Department of Biochemistry and Molecular Biology, The University of Texas Medical Branch, Galveston, Texas 77555, United States.
Anal Chem. 2012 Mar 20;84(6):3026-32. doi: 10.1021/ac203255e. Epub 2012 Mar 7.
Improvements in the mass accuracy and resolution of mass spectrometers have greatly aided mass spectrometry-based proteomics in profiling complex biological mixtures. With the use of innovative bioinformatics approaches, high mass accuracy and resolution information can be used for filtering chemical noise in mass spectral data. Using our recent algorithmic developments, we have generated the mass distributions of all theoretical tryptic peptides composed of 20 natural amino acids and with masses limited to 3.5 kDa. Peptide masses are distributed discretely, with well-defined peak clusters separated by empty or sparsely populated trough regions. Accurate models for peak centers and widths can be used to filter peptide signals from chemical noise. We modeled mass defects, the difference between monoisotopic and nominal masses, and peak centers and widths in the peptide mass distributions. We found that peak widths encompassing 95% of all peptide sequences are substantially smaller than previously thought. The result has implications for filtering out larger stretches of the mass axis. Mass defects of peptides exhibit an oscillatory behavior which is damped at high mass values. The periodicity of the oscillations is about 14 Da which is the most common difference between the masses of the 20 natural amino acids. To determine the effects of amino acid modifications on our findings, we examined the mass distributions of peptides composed of the 20 natural amino acids, oxidized Met, and phosphorylated Ser, Thr, and Tyr. We found that extension of the amino acid set by modifications increases the 95% peak width. Mass defects decrease, reflecting the fact that the average mass defect of natural amino acids is larger than that of oxidized Met. We propose that a new model for mass defects and peak widths of peptides may improve peptide identifications by filtering chemical noise in mass spectral data.

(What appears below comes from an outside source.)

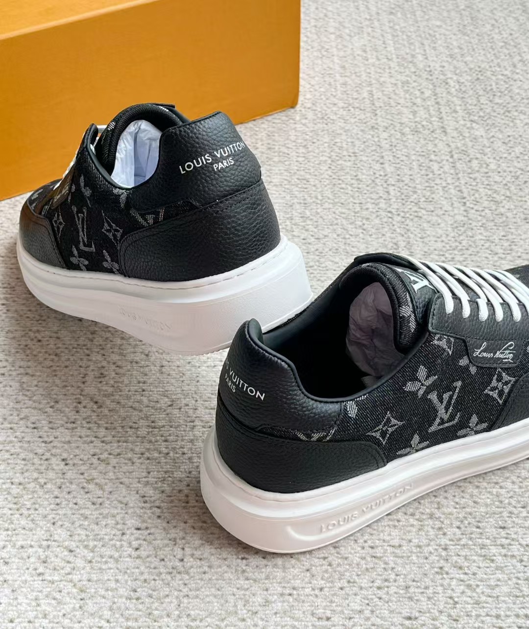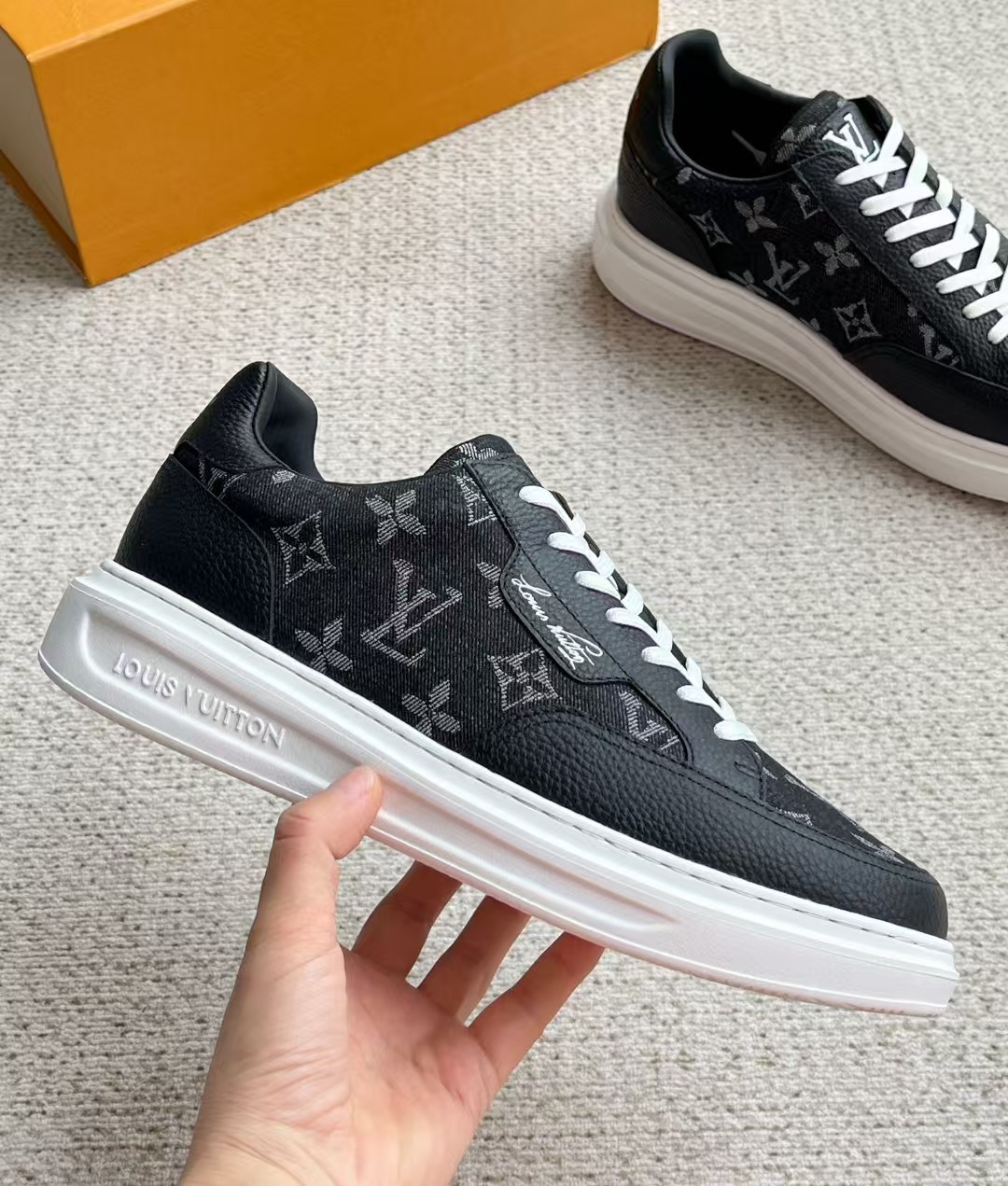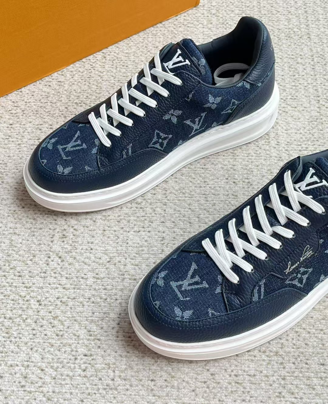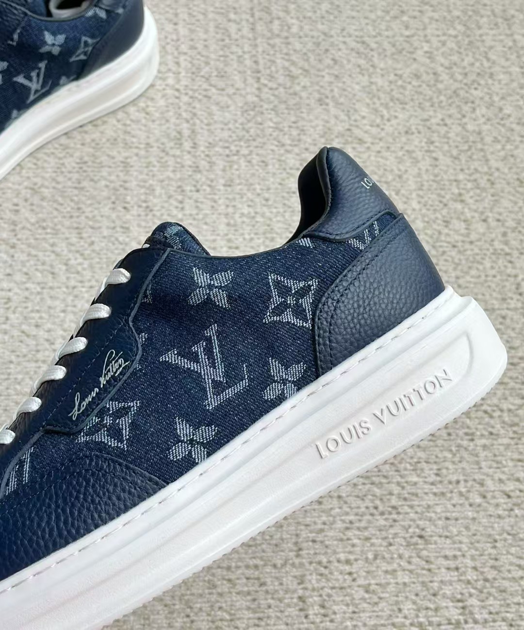 介绍:本款 Beverly Hills 运动鞋以 Monogram 丹宁布和粒面牛皮革重返新季,搭配厚实而轻盈的橡胶外底,为潮流设计融入舒适体验。Monogram 丹宁布和粒面牛皮革,橡胶外底,加衬内底鞋舌、后部和外底饰有路易威登标识,侧面饰有手写体路易威登标识!面料进口定制荔枝纹牛皮拼接透气帆布 , 内里牛皮拼接透气网布,垫脚牛皮,原厂PU发泡模具logo防滑大底,底厚3.5cm,隐形2.0cm乳胶鞋垫!

质谱仪的质量精度和分辨率的提高极大地促进了基于质谱的蛋白质组学在分析复杂生物混合物方面的应用。通过使用创新的生物信息学方法,可以将高质量精度和分辨率的信息用于过滤质谱数据中的化学噪声。利用我们最近的算法发展,我们生成了由 20 种天然氨基酸组成且质量限制在 3.5 kDa 以内的所有理论胰蛋白酶肽的质量分布。肽质量呈离散分布,具有定义明确的峰簇,峰簇之间有空隙或稀疏的低谷区。可以使用准确的峰中心和峰宽模型来过滤肽信号中的化学噪声。我们对质量缺陷(即单同位素和名义质量之间的差异)以及肽质量分布中的峰中心和峰宽进行了建模。我们发现,包含 95%所有肽序列的峰宽明显小于之前的预期。这一结果对过滤掉质量轴上更大的区域有影响。肽的质量缺陷表现出一种在高质量值处被阻尼的振荡行为。这种振荡的周期性约为 14 Da,这是 20 种天然氨基酸质量差异中最常见的一种。为了确定氨基酸修饰对我们研究结果的影响,我们检查了由 20 种天然氨基酸、氧化的 Met、磷酸化的 Ser、Thr 和 Tyr 组成的肽的质量分布。我们发现,通过修饰扩展氨基酸集增加了 95%的峰宽。质量缺陷减少,反映了天然氨基酸的平均质量缺陷大于氧化 Met 的事实。我们提出,一种新的肽质量缺陷和峰宽模型可以通过过滤质谱数据中的化学噪声来提高肽鉴定的准确性。